Retype word for word the lines of the data below, from the first to the one bearing "한편 경기도는 The", with that one included.
--- Dataset records Enclosed Below ---
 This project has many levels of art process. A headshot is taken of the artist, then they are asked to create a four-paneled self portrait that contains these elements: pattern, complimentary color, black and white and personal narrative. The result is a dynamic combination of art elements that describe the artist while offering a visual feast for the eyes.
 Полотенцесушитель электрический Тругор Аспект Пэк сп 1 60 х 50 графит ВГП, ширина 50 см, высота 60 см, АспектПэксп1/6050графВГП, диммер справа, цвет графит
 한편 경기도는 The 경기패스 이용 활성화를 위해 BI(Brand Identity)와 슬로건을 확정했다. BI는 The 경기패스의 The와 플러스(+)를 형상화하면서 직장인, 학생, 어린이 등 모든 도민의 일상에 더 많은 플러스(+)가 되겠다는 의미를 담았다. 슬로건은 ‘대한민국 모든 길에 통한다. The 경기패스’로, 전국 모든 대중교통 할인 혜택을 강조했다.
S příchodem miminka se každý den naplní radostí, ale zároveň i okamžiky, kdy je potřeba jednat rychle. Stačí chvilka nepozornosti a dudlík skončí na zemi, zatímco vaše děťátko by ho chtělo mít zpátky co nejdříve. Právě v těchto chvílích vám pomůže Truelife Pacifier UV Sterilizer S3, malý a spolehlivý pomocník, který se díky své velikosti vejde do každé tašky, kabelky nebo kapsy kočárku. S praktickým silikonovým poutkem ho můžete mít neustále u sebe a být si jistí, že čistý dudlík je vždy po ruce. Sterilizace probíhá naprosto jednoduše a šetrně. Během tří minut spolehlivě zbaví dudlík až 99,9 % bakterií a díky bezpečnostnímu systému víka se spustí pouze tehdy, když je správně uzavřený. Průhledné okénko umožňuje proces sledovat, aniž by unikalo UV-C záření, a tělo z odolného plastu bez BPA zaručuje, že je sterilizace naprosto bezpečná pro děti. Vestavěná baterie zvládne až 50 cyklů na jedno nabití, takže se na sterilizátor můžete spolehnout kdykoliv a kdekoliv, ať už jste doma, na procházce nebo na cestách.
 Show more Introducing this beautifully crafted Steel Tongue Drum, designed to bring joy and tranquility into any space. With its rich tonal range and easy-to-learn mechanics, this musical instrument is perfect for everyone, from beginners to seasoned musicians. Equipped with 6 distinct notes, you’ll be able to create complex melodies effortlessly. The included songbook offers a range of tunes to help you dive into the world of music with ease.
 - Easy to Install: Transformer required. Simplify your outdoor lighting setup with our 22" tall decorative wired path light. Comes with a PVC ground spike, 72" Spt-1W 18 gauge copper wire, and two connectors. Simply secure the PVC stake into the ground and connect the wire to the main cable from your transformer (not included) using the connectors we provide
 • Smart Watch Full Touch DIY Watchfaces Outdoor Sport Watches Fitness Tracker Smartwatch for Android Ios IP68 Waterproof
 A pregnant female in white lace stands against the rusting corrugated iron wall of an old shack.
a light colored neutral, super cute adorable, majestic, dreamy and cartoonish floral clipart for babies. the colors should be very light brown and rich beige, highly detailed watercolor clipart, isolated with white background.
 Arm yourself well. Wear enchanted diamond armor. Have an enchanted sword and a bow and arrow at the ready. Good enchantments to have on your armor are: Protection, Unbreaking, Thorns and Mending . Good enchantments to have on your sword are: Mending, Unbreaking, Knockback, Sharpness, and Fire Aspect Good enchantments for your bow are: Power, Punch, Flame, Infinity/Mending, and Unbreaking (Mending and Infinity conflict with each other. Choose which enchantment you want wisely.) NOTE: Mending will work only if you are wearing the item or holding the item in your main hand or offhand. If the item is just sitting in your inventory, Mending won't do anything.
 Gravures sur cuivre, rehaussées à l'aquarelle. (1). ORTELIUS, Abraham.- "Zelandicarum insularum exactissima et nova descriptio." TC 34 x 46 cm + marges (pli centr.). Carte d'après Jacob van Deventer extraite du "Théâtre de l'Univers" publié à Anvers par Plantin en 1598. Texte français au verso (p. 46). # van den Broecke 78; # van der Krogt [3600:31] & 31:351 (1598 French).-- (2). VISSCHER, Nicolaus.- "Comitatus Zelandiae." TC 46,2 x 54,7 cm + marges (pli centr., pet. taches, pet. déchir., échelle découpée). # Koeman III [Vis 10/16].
--- End of Enclosed Dataset records ---
--- Answer area ---
 This project has many levels of art process. A headshot is taken of the artist, then they are asked to create a four-paneled self portrait that contains these elements: pattern, complimentary color, black and white and personal narrative. The result is a dynamic combination of art elements that describe the artist while offering a visual feast for the eyes.
 Полотенцесушитель электрический Тругор Аспект Пэк сп 1 60 х 50 графит ВГП, ширина 50 см, высота 60 см, АспектПэксп1/6050графВГП, диммер справа, цвет графит
 한편 경기도는 The 경기패스 이용 활성화를 위해 BI(Brand Identity)와 슬로건을 확정했다. BI는 The 경기패스의 The와 플러스(+)를 형상화하면서 직장인, 학생, 어린이 등 모든 도민의 일상에 더 많은 플러스(+)가 되겠다는 의미를 담았다. 슬로건은 ‘대한민국 모든 길에 통한다. The 경기패스’로, 전국 모든 대중교통 할인 혜택을 강조했다.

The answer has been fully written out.